Дуся тоже стала шевелиться в кровати, на которой когда-то спал Василь. Через пару минут она вылезла из-под тёплого своего укрытия, в виде огромного тулупа и, потягиваясь, уселась за столом. Свет от лампы, подвешенной к потолку на крюк, вбитый в матку, то есть балку, проложенную на потолку через весь дом, растекался по комнате, оставляя углы в полумраке. На печь свет тоже не попадал и не мешал спать.

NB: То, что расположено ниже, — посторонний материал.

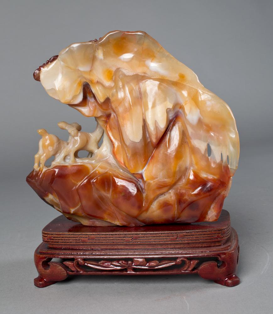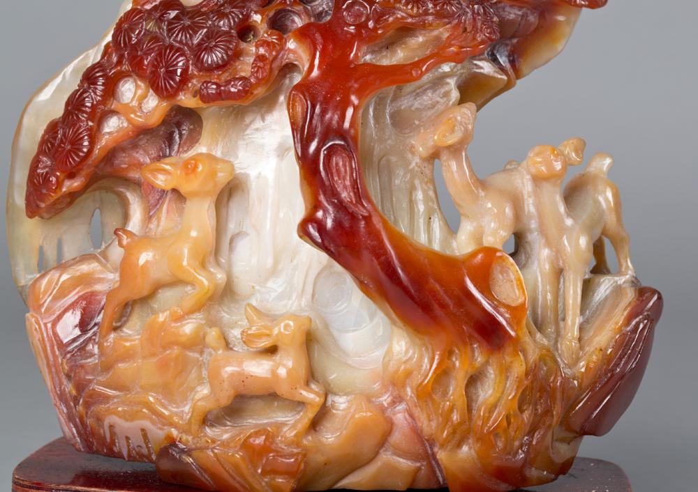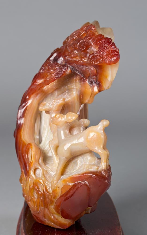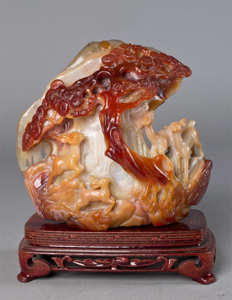Finely carved to depict four deer beneath a lingzi tree, wood stand 6"H X 6.25"W not including the stand circa 20th century.
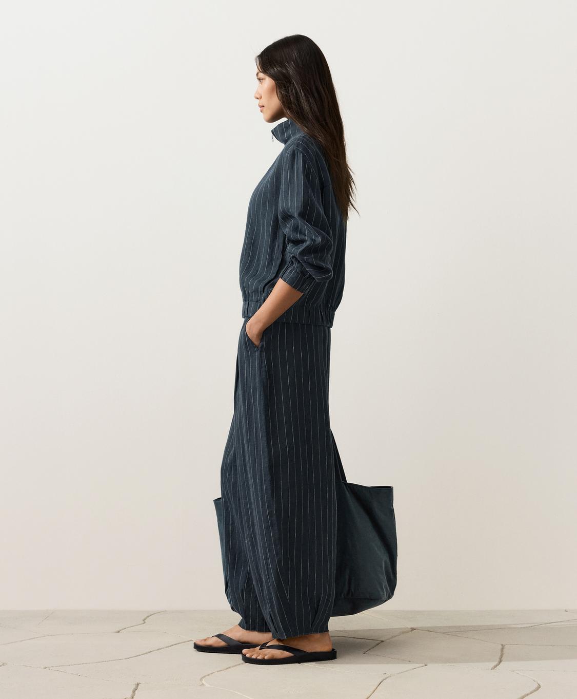 Длинные брюки-баллон с регулируемым поясом на шнуровке и передними карманами. Изготовлены из 100% льняной ткани.
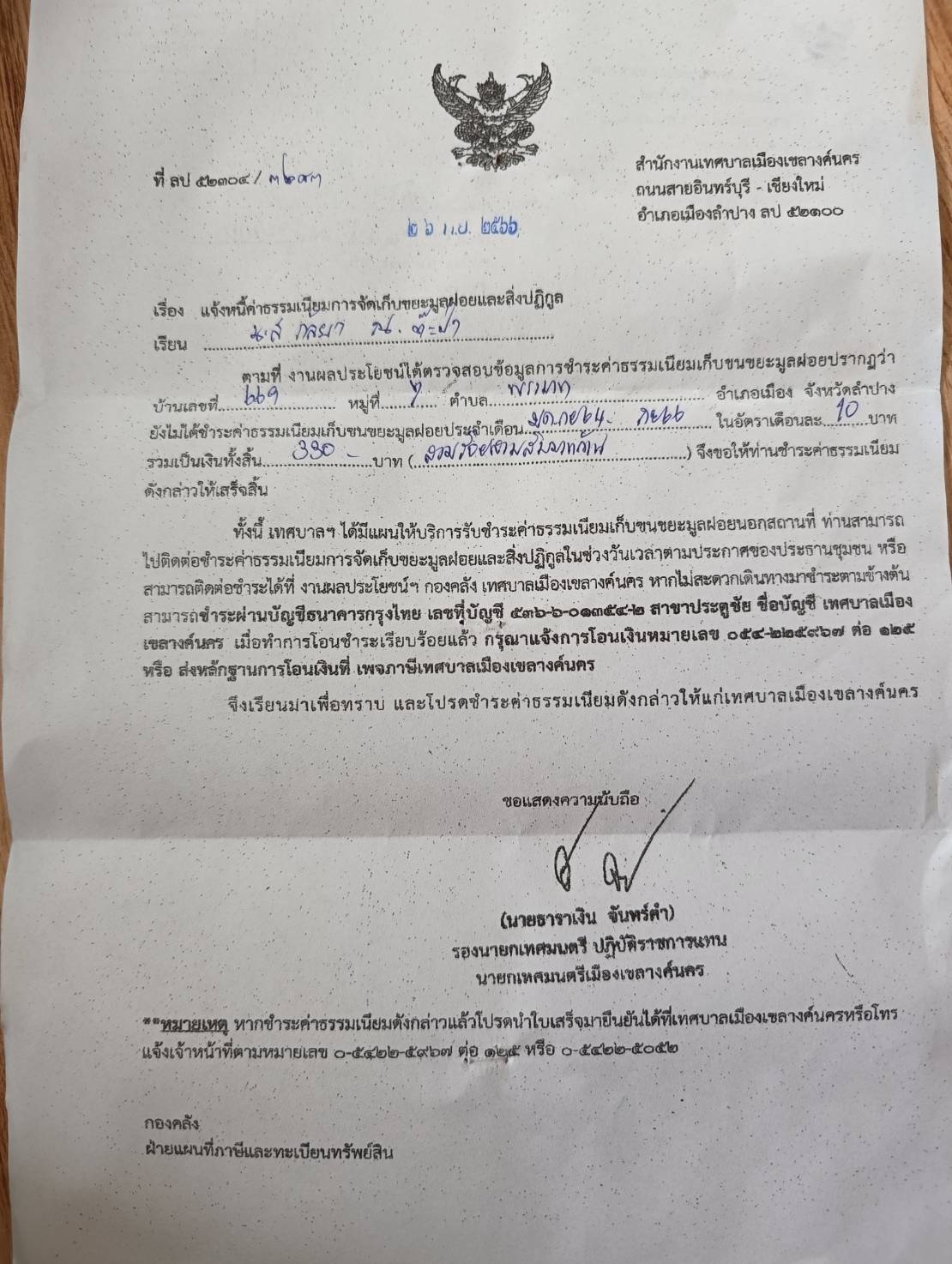 สืบเนื่องจากข้าพเจ้าได้รับเอกสารที่ ลป 52304/3283 เรื่อง แจ้งหนี้ค่าธรรมเนียมการจัดเก็บขยะมูลฝอยและสิ่งปฏิกูล ลงวันที่ 26 กันยายน 2566
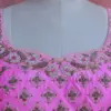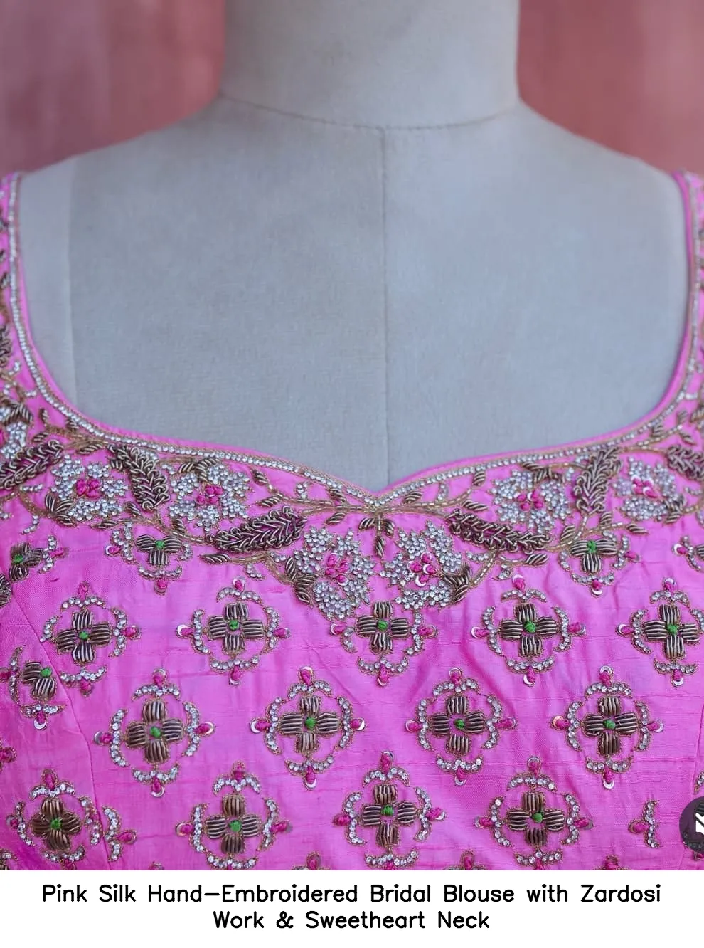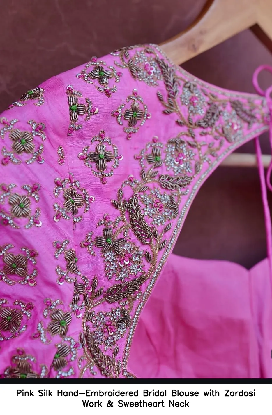 To maintain the beauty of your Pink Silk Hand-Embroidered Bridal Blouse with Zardosi Work & Sweetheart Neck, gentle hand wash is recommended. Avoid harsh detergents and direct sunlight to preserve the vibrant colors and intricate embroidery.
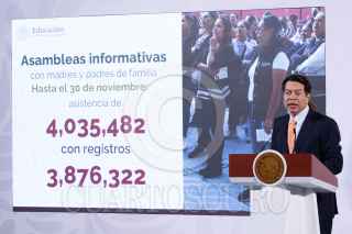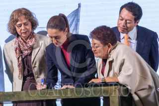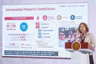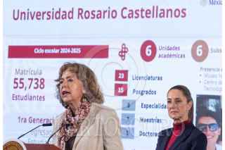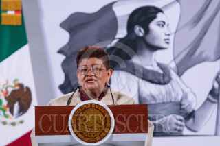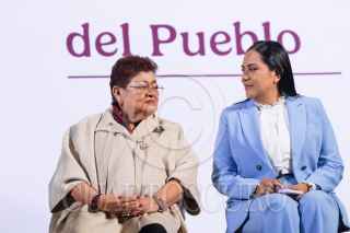 CIUDAD DE MÉXICO, 02DICIEMBRE2024.- Ernestina Godoy, Consejera Jurídica de la Presidencia, y Ariana Montiel, secretaria del Bienestar, conversan durante la mañanera en Palacio Nacional. FOTO: MOISÉS PABLO/CUARTOSCURO.COM
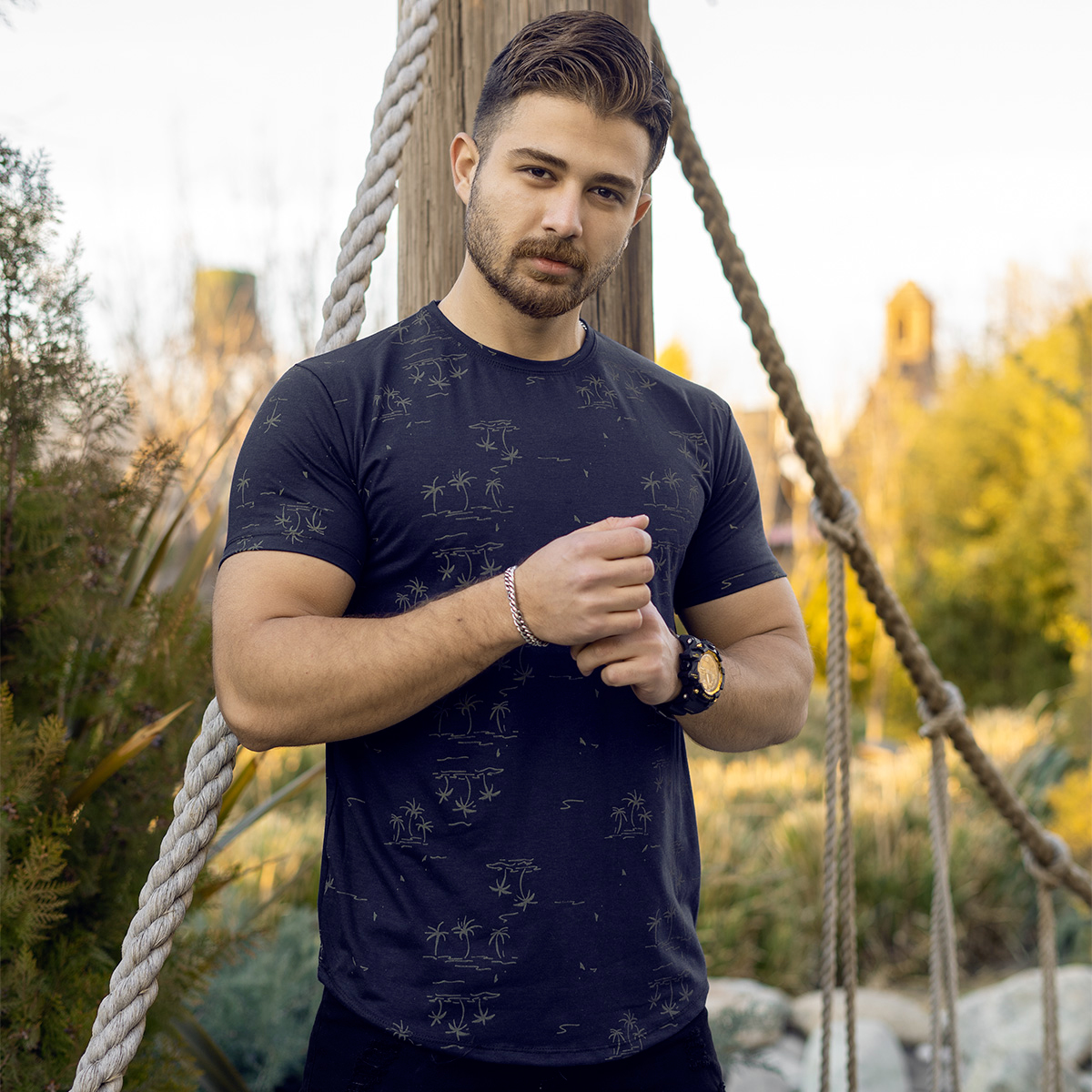 تیشرت هاوایی سرمه ای مردانه مدل E99
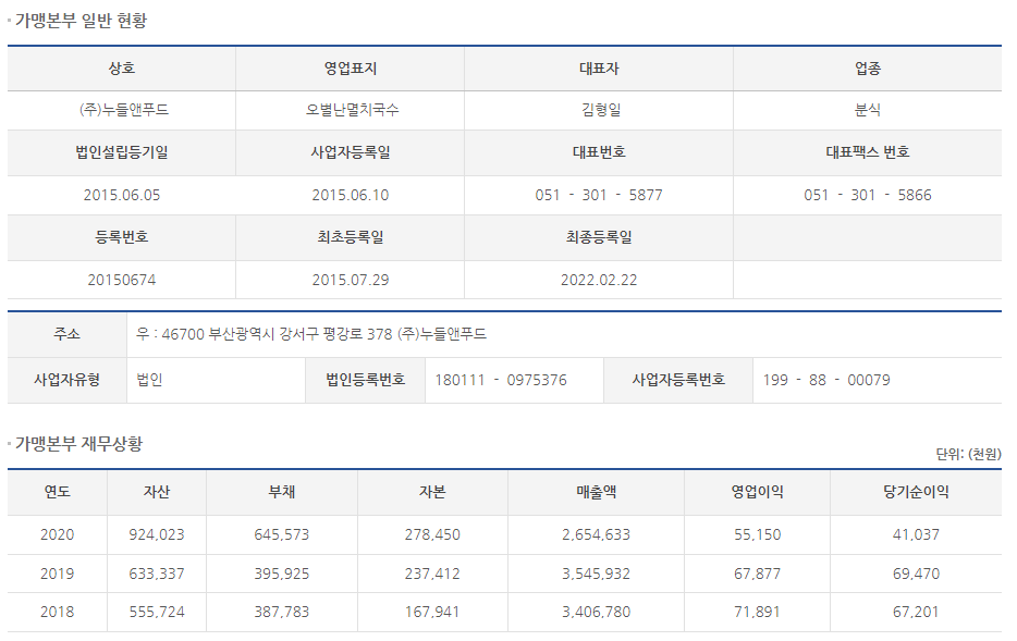 홈페이지와 공정위 정보공개서를 통해 오별난멸치국수에 대해 알아봤습니다.

– Что, не спится, доча? – спросила тихо мать у Дуси. – Поспала бы, дело молодое, это мне, старой дуре, не спится, всё какие-то дела в голове. Иди, поспи ещё, я потом тебя подниму.
– Не, ма! – отозвалась сестра. – Иди-ка ты на мою кровать, приляг, а я тут управлюсь! Тебе ещё на ферму, а я дома буду с остальными домочадцами. Иди!
– А и правда! Умница ты моя! И что я буду делать без тебя, когда нас покинешь? – сказала мать и легла на кровать поверх тулупа, прикрыв одной полой грудь.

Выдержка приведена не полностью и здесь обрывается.